В рассказе «За орлом» (написанном по ходу времени после событий «На Каче») Байдуков уже другой человек. – Летчик-инструктор решил пошалить в воздухе с орлом; в конце концов он подбил орла, налетев на него своей машиной, но от удара в большую птицу у биплана вылетела стойка, скрепляющая крылья самолета, машина утратила регулировку, упала на землю и превратилась в груду обломков. Летчик-инструктор остался живым, но Байдуков потерял к нему всякое уважение.
Вместе с Байдуковым, рядом с ним, растут и другие работники авиации высшего класса. Перо Героя Советского Союза объективно, и автор книги понимает, что написать свою рабочую автобиографию – это значит написать биографию всего коллектива, в котором работаешь, – невозможно создать автопортрет, уединенный, изолированный от общества сродных людей. И Байдуков изображает замечательного бортмеханика Языкова (рассказ «Необыкновенный случай»), отпилившего лед, намерзший на пароотводной трубке радиатора. Для этого Языкову пришлось вылезти наружу, добраться через крыло к одному из моторов винтомоторной группы и работать во время зимнего полета, почти на весу, обморозив себе лицо…
Подобно Джимми Коллинзу, Байдуков владеет искусством краткого, точного и живописного изложения самого технологического процесса полета, благодаря чему даже несведущий читатель вовлекается в артистическую, трудную профессию пилота.
Однако излишняя скромность автора книги несколько мешает читателю оценить полностью образ первоклассного летчика. «Меня перевели в истребительское звено Анисимова, пилота наивысшей категории» – пишет Г. Ф. Байдуков. – «В этом же звене работает и молчаливый Валерий Чкалов… Я среди них, отважных истребителей, кажусь птенцом. Только постепенно я схожусь с Чкаловым, затем с Ани-симовым. Время берет свое, и они признают меня летчиком». Не только время взяло свое – взяли свое и личные, выдающиеся качества Г. Ф. Байдукова, как работника и человека, взяла свое также вся советская страна, воспитывающая своих летчиков в атмосфере любви народа, дающая им в руки раз от разу все более превосходи ы е самол еты…
Рассказ «Двое упрямых» одною чертою дает живое представление о летных и боевых качествах еще одного Героя Советского Союза – В. П. Чкалова.
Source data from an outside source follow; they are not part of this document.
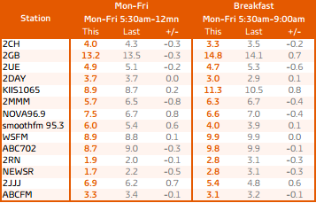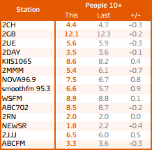 2GB在今年以12.1分的总份额排名第一,比上次调查下降了0.2分,而澳大利亚广播网络的WSFM以8.9分的份额排名FM排行榜第一,保持着稳定的KiisFM的8.6分。
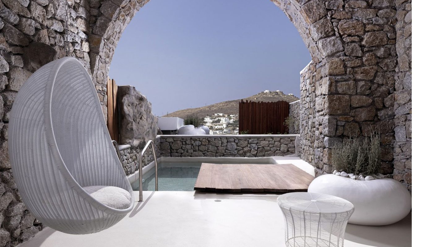 Located on one of the most popular Greek Islands, The Kensho luxury hotel is a stylish hotel situated on the beautiful island of Mykonos. The Kensho design is flawlessly enthused by the natural splendour of the Cyclades emulating the boundless colours of the sky and the sea throughout its 35 rooms; it really is a unique hospitality experience. The Kensho provides you with the perfect mixture of relaxation and rejuvenation with the hotel looking out over the outstanding Ornos Bay or for the more adventurous, where the heart of the island lies only a short walk away.
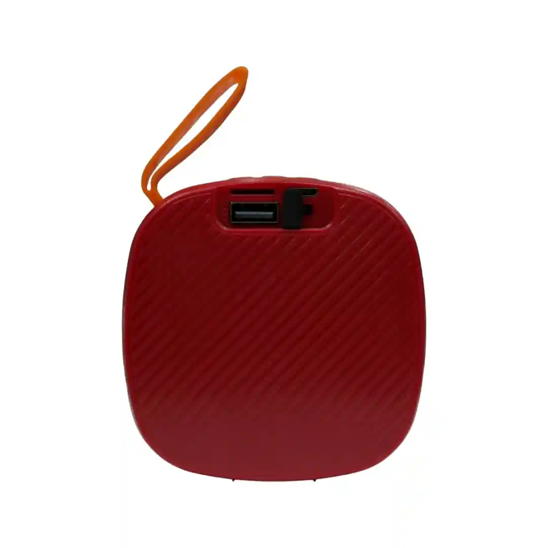Incorpora una práctica correa de sujeción, visiblemente resistente, en un color naranja fuerte que contrasta elegantemente con el cuerpo rojo. Esta asa te permite colgar el parlante de un bolso, una trabilla del pantalón o un gancho en la tienda de campaña, asegurando que la música te siga a donde vayas.
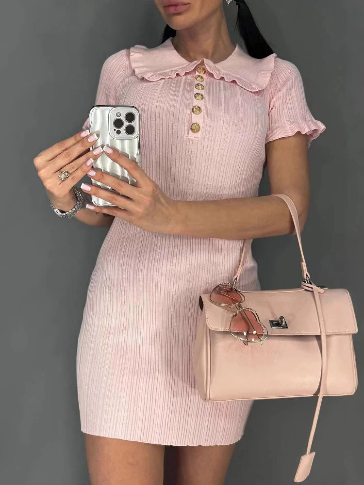 Be the first to review “Vestidos con volantes de cintura alta de punto de manga corta.”
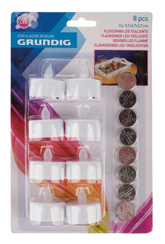 Pislákoló láng világítás, 1 db CR2032 gombelemet a csomag tartalmazza, mind a nyolc mécseshez.
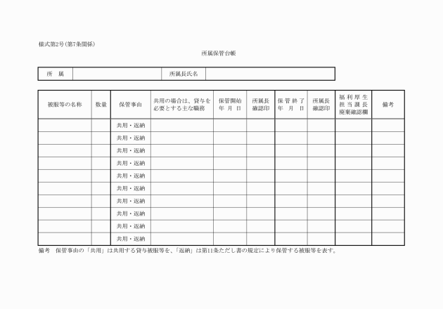 2 所属長は、共用被服等その他所属長が保管する被服等がある場合は、当該被服等を管理するため所属保管台帳(別記様式第2号)を備え、常に当該被服等の保管状況を明らかにしておかなければならない。
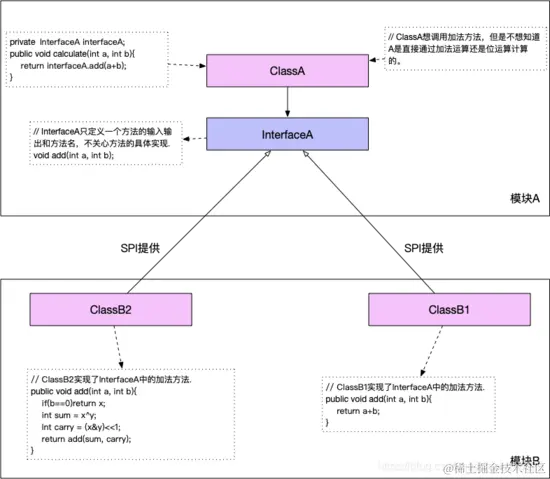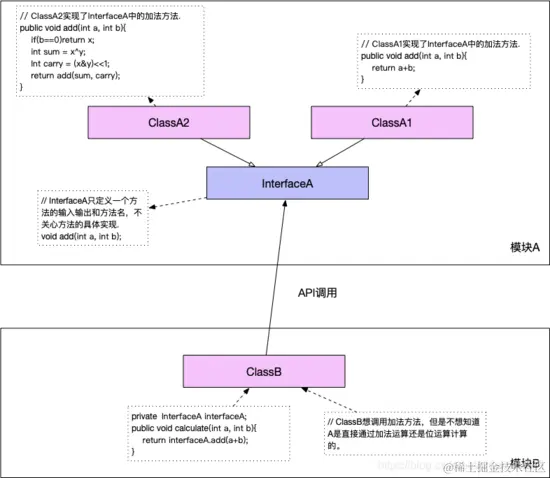 API (Application Programming Interface)在大多数情况下,都是实现方制定接口并完成对接口的实现,调用方仅仅依赖接口调用,且无权选择不同实现。 从使用人员上来说,API 直接被应用开发人员使用。如下图所示,其中模块 A 为接口制定方和实现方,而模块 B 为接口的使用放。
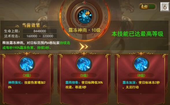 法师神技:霜冻神雨--对目标范围6格玩家持续造成霜冻伤害打击,技能提升到3、5、8级还可以激活特殊效果
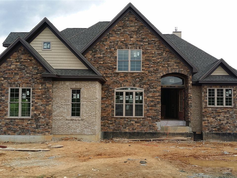 This home come with all the amenities of a custom built home. Out side is all brick and stone. Built-In Cabinets, Shelves, Fireplace,Formal Dining R Room Guest/In-Law Suite, Kitchen Island ,Laundry Room-Main Floor Master Suite-Main Floor. This elegant French Country home features beautiful details and flexible spaces. A covered entry ushers you in through the foyer to the grand family room, which showcases a vaulted ceiling, built-in cabinets, and ample lighting. a fireplace provides a natural focal point. In the master suite, deck access, and a lavish bathroom create a soothing retreat. Also on this level, a private bedroom adjoins a full bath. On the second floor, two bedrooms with large closets share another bath.A loft can become another bedroom, while a bonus room provides even more space. The picture in this listing is similar to finished home.

Байдуков и Чкалов встретились в учебном бою «на встречном курсе». Механики, наблюдавшие за двумя машинами с земли, рассказывали потом, «что наши самолеты, подойдя друг к другу в лоб, одновременно полезли вверх, идя вертикально. Все ближе и ближе сходились их колеса. Казалось, вот-вот они пожмут друг другу лапы. И только затем самолеты иммельманами разошлись в разные стороны». После посадки Чкалов сказал Байдукову: «Дурак, так тебя убьют!» – «По-моему, и ты не из умных, если лезешь на рожон!» – ответил Байдуков. «Вместо ответа он (Чкалов) показал мне кукиш и, отойдя на два шага, буркнул: „– У тебя такой же упрямый характер, как и у меня. Мы с тобой обязательно столкнемся. Лучше ты, Байдук, сворачивай первый, а то так по глупости и гробанемся“. – Я понял чкаловскую тактику и решил, что на своих летчиках ее применять не следует. Лучше уж я оставлю ее для настоящей драки с настоящим врагом. То же посоветовал и Валерию».
Слова Чкалова – «лучше ты сворачивай первый» – могут быть обращены всерьез к любому будущему настоящему противнику, потому что мы сворачивать и отклоняться от противника никогда не станем, пока его не «гробанем». Здесь Байдукову удалось – в своем лице и в лице Чкалова – нарисовать образ боевого, советского летчика.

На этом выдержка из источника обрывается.